Comprehensive Peace Accord
- Type: Peace
- Context: Nepalese Civil War
- Signed: 21 November 2006; 19 years ago
- Location: Kathmandu, Nepal
- Original signatories: Girija Prasad Koirala (Prime Minister of Nepal) Pushpa Kamal Dahal;
- Parties: Government of Nepal and Communist Party of Nepal (Maoist)
- Language: Nepali

= Comprehensive Peace Accord =

2006 agreement which ended Maoist insurgency

The Comprehensive Peace Accord (विस्तृत शान्ति सम्झौता; abbreviated CPA) was signed on 21 November 2006 between the Government of Nepal and the Communist Party of Nepal (Maoist Centre)—at the time known as the Communist Party of Nepal (Maoist).

==Highlights of the peace accord==
The peace accord marked the formal end of the Nepalese Civil War that began in 1996. It included the following provisions:

- The Maoist People's Liberation Army to be placed in temporary cantonments, where they would be rehabilitated and re-integrated into the society, and the monarchist army to be confined within the barracks. Both armies to be monitored and supervised by the United Nations Mission in Nepal, as per the earlier agreement reached between the government and the Maoists.
- Strict implementation of all previous pacts/agreements reached between the government and Maoists.
- Termination of the military action and the armed mobilization.

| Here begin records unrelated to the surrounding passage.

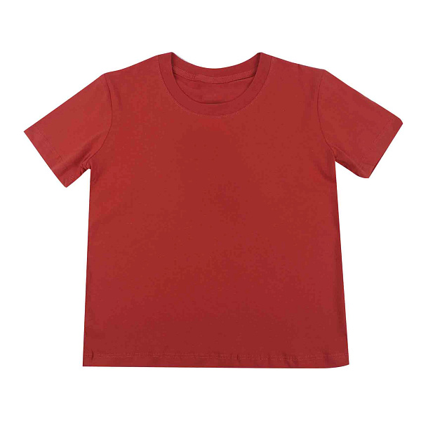 Футболка детская красного цвета выполнена в классическом стиле с короткими рукавами и круглым вырезом горловины. Модель отличается простым и универсальным дизайном без принта, что делает ее идеальной основой для повседневного гардероба.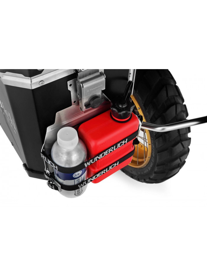 Wunderlich non vi può aiutare con la tenuta dei vostri recipienti, ma vi può però una soluzione: il portatutto laterale Wunderlich.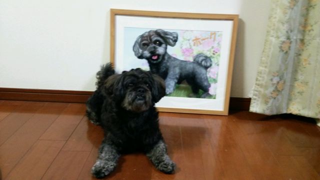 肖像画の作品は許可を頂いて販売しているのですが、私が何も説明していないのに「これ○●君じゃない!?」と気付いてくださるお客様が何人かいらしてビックリ!!!お知り合いのようでした。肖像画を描く時は、ちゃんと「その子」を描けるよう研究しながら描きます。飼い主さまからお聞きした性格やエピソードを思いながら描くのです。なので、飼い主様以外の人にも「○●君だ」と気付いてもらえるのは、一生懸命に描いた成果が出てるのでは~と嬉しいです。゚゚(*´□`*。)°゚。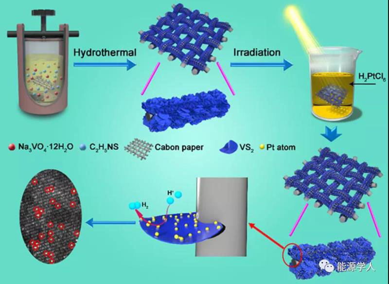 利用VS2為基礎(chǔ)的電催化劑來(lái)提高HER的整體性能已有大量研究,但據(jù)我們所知,目前還沒(méi)有系統(tǒng)的研究將不同的Pt形態(tài)尤其是單原子Pt加入到VS2中來(lái)考察它們對(duì)HER的影響。因此,研究人員以VS2為基礎(chǔ)材料,對(duì)其進(jìn)行了鉑單原子修飾,從而得到了催化性能十分優(yōu)異且成本低廉的復(fù)合電催化劑材料。首先,通過(guò)一步水熱法在碳紙上原位生長(zhǎng)了VS2納米片。然后,將長(zhǎng)有VS2納米片的碳紙與不同濃度的氯鉑酸溶液充分混合均勻,碳紙兩面分別在氙燈光源下照射一段時(shí)間即可得到不同鉑形態(tài)修飾的VS2納米片。通過(guò)控制氯鉑酸濃度和照射時(shí)間即可得到單原子鉑修飾的二硫化釩催化劑。

Both sides to stop attacks or any kind of violent and offensive activities from either side; no new recruitment in armed forces of both sides and no transportation of arms and ammunition and explosives.
- Both sides to assist each other to maintain law, peace, and order
- Both sides to fully commit themselves to uphold all international human rights laws and civil liberties, and the Office of the United Nations High Commissioner for Human Rights to monitor the human rights situation.
- The King to be stripped of political rights and his property to be nationalized under public trusts.
- Scrapping of the Maoists' parallel administration (People's governments, People's Courts) across the country.
- Strong punitive policy to curb corruption and confiscation of property earned illegally through corruption
- Formation of National Peace and Rehabilitation Commission, Truth Commission, and a high-level Commission for State Restructuring.
- Respectful rehabilitation and social integration of the people displaced during the insurgency

==Implementation==

CPA's implementation has been a topic of intense debate over the years.

=== Demilitarization ===
The Maoist army was confined within temporary cantonments that were verified and monitored by the United Nations Mission in Nepal (UNMIN), with their arms locked in the cantonment and guarded by UNMIN. An equal number of arms of Nepal Army were also guarded by UNMIN.
As of 2007, properties confiscated by Maoists had not been fully returned.

There was disagreement between Maoists and other parties on issues of integration of the Maoist army into the Nepal army. Former Prime Minister Madav Kumar Nepal said that the Maoist army would be rehabilitated and integrated into the Nepal Army but key coalition partners of the Nepali Congress and Madhesi Janadhikar Forum were vehemently opposed to the idea. Even former Defence Minister Bidhya Devi Bhandari was strongly against the deal.

After a second round of verification, 4,008 verified minor and late recruits were released from cantonments beginning in January 2010. Among the released 4,008 ex-combatants from seven main camps and other 21 satellite camps located at various parts of the country, 2,973 were verified minors (who were under 18 when the peace deal was signed on November 21, 2006) and 1,035 were late recruits (recruited after November 21, 2006). As of 2010 the United Nations was providing four types of rehabilitation packages for released ex-combatants which include vocational training, sponsoring school education, health education training and supporting small business initiatives. Research was done to identify how the private sector could support the rehabilitation program and help in consolidating peace.

The demobilization process was concluded in 2013, and most former Maoist fighters opted for integration into the Nepalese military or voluntary discharge, with a handful registering for rehabilitation. Progress on the rehabilitation package for Maoist combatants went underway in 2011, and this process also concluded in 2013 with the reintegration of approximately 16,000 ex-combatants.

=== Human Rights and Transitional Justice ===
Nepal has attempted to pass transitional justice legislation multiple times. In 2008, legislation to establish the Truth and Reconciliation Commission was introduced, as well as legislation to establish the Commission of Investigation on Enforced Disappeared Persons (CIEDP), though both bills were later withdrawn by the government.

On 10 February 2015, the Truth and Reconciliation Commission was established, with Ganesh Dutta Bhatta as chairperson.

In 2024, Nepal adopted a transitional justice law, officially titled "A Bill to Amend the Disappeared Persons’ Enquiry, Truth and Reconciliation Commission Act, 2071." The bill has received criticism due to the lack of involvement of civil society or victims and their families in its development.